[YOUR INSTRUCTIONS] Verbatim copy, pictures excluded: every line from the one with "祭壇にはお供えを置き、土地の神様に" through the final line of the data below, and no other line.

Stored items from a collection
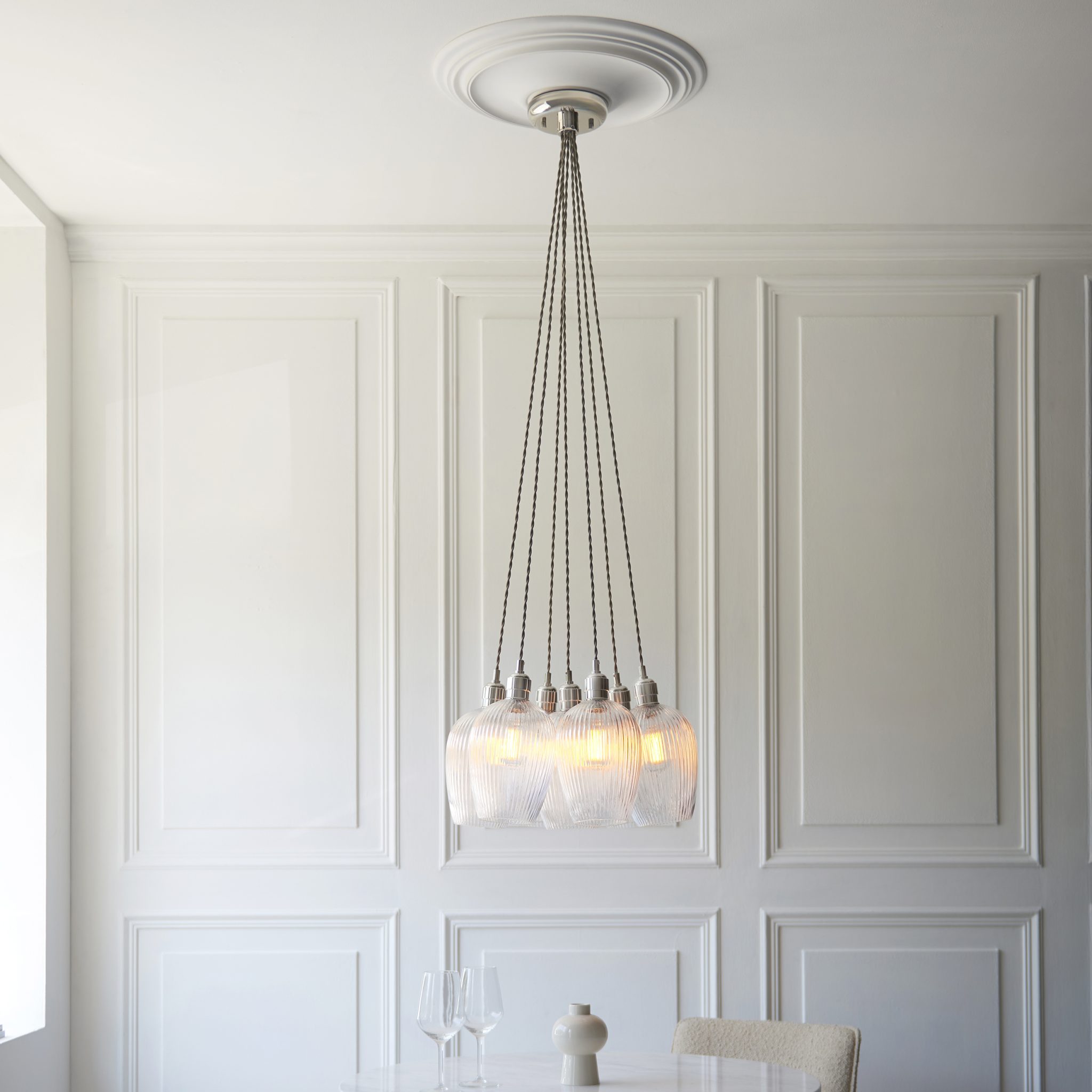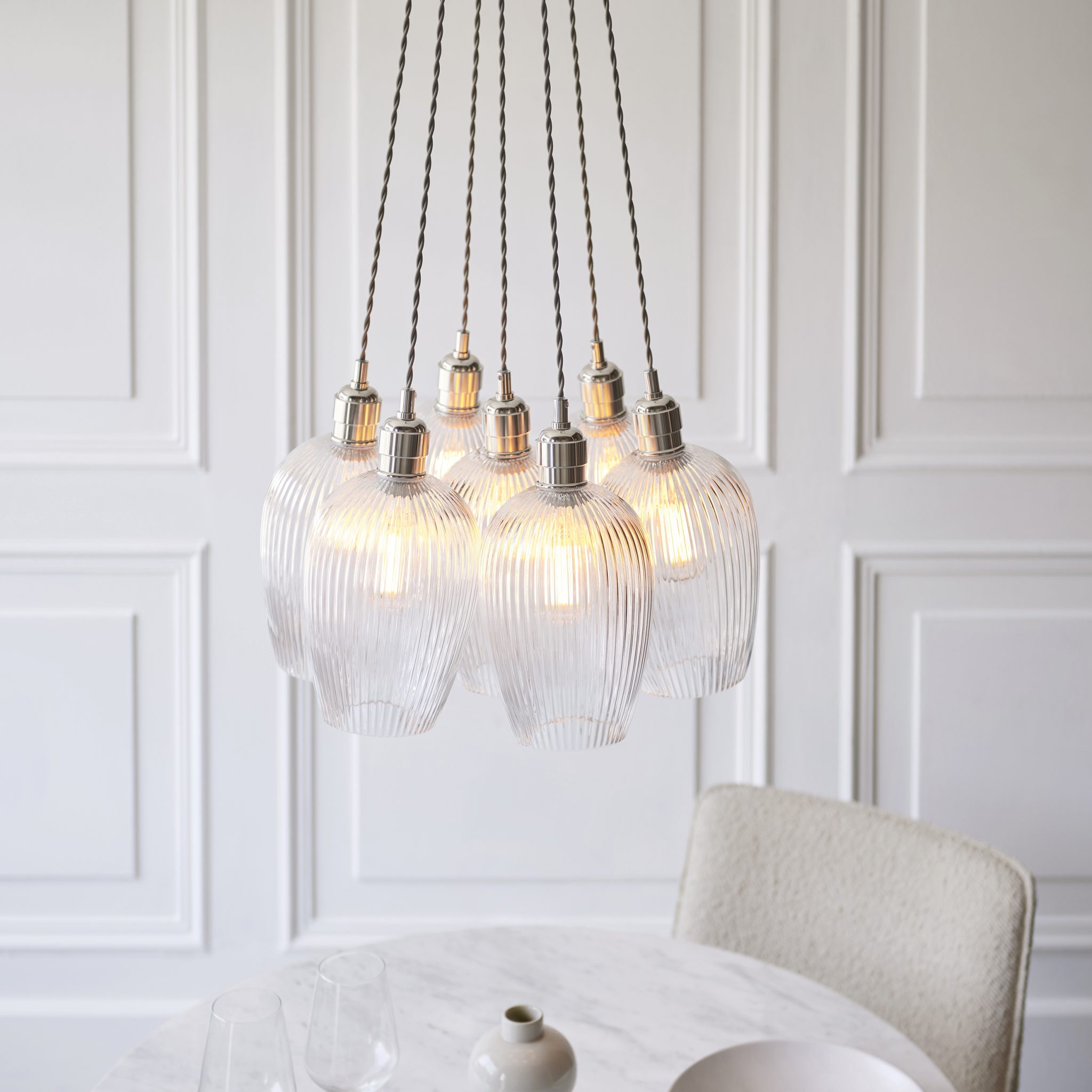 With two height-adjustable twisted grey fabric cables (up to 1 metre), Nettie sits perfectly over a kitchen island, dining table, or in an open-plan living space, creating a balanced statement that still feels airy. Pair it with E27 LED filament bulbs to lean into that “on-trend” glow and show off the glass properly.
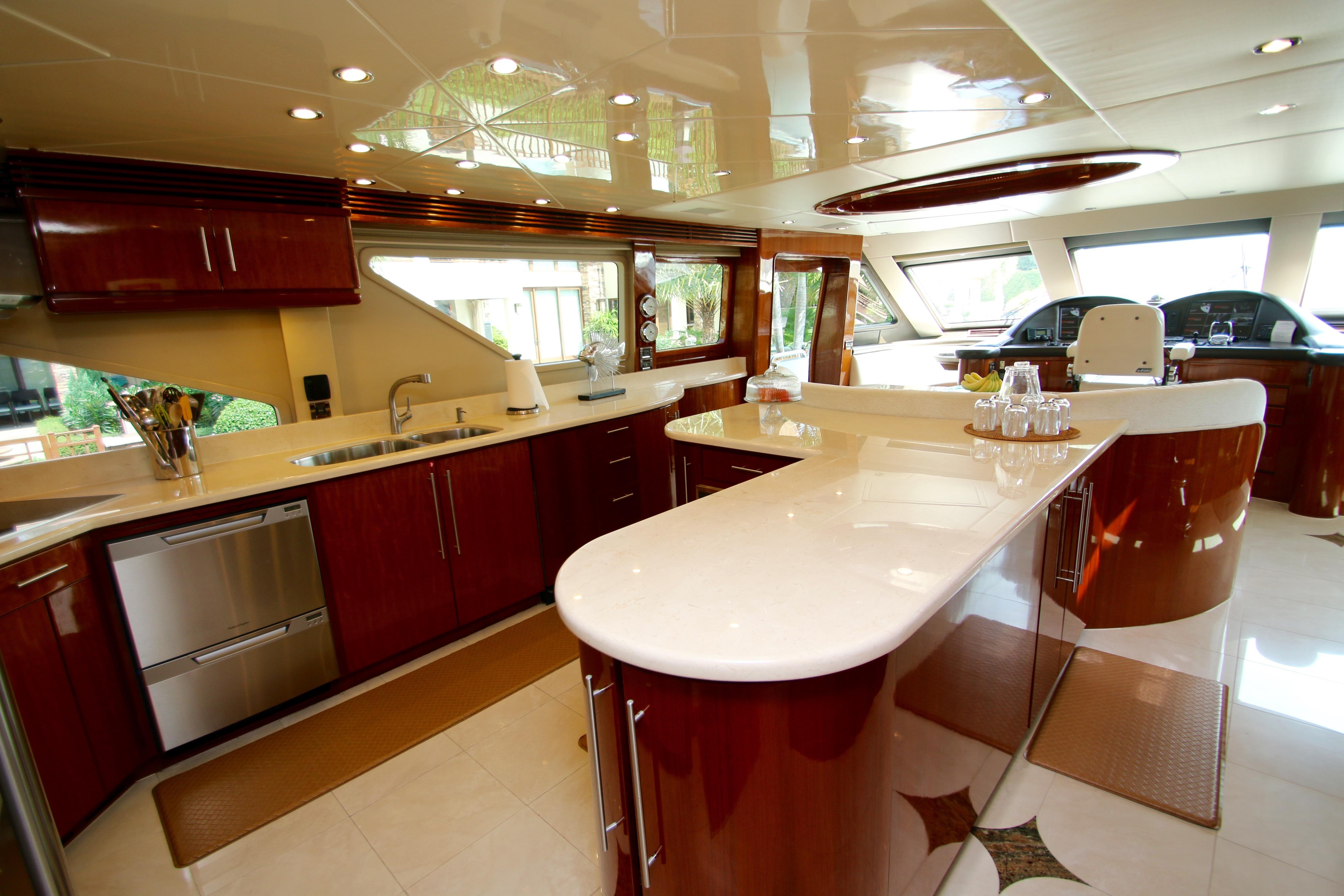 Further forward a hall leads to the large open style galley, a small seating area with table and helm station.
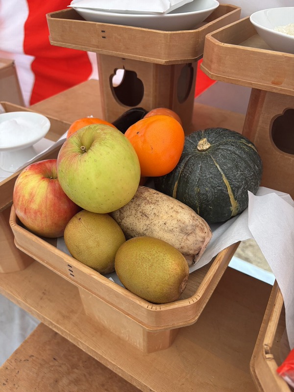 祭壇にはお供えを置き、土地の神様に
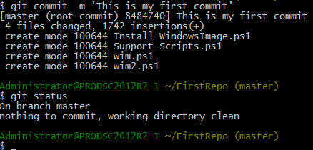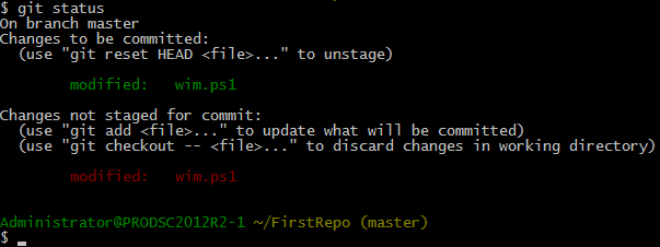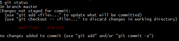 Instead of doing a commit now, let us modify this file (wim.ps1) again and check git status.
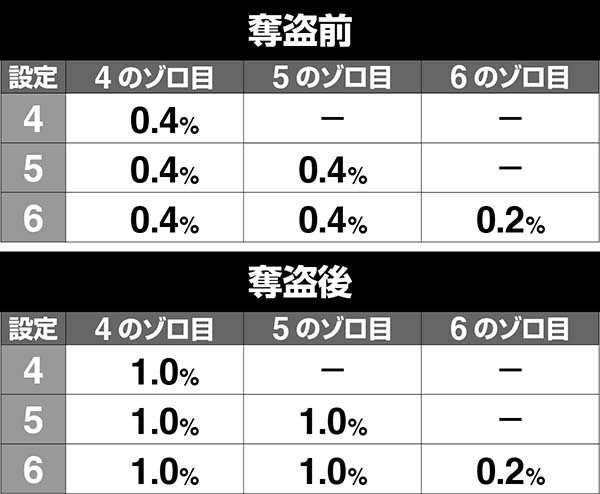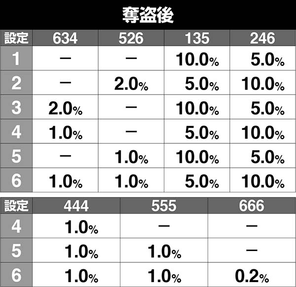 奪盗前よりも奪盗後の対決のほうが、設定4以上確定パターンが出やすいところがポイントだ。
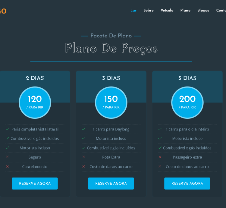 – Lista de planos e pacotes.

[ANSWER BELOW]
 祭壇にはお供えを置き、土地の神様に
 Instead of doing a commit now, let us modify this file (wim.ps1) again and check git status.
 奪盗前よりも奪盗後の対決のほうが、設定4以上確定パターンが出やすいところがポイントだ。
 – Lista de planos e pacotes.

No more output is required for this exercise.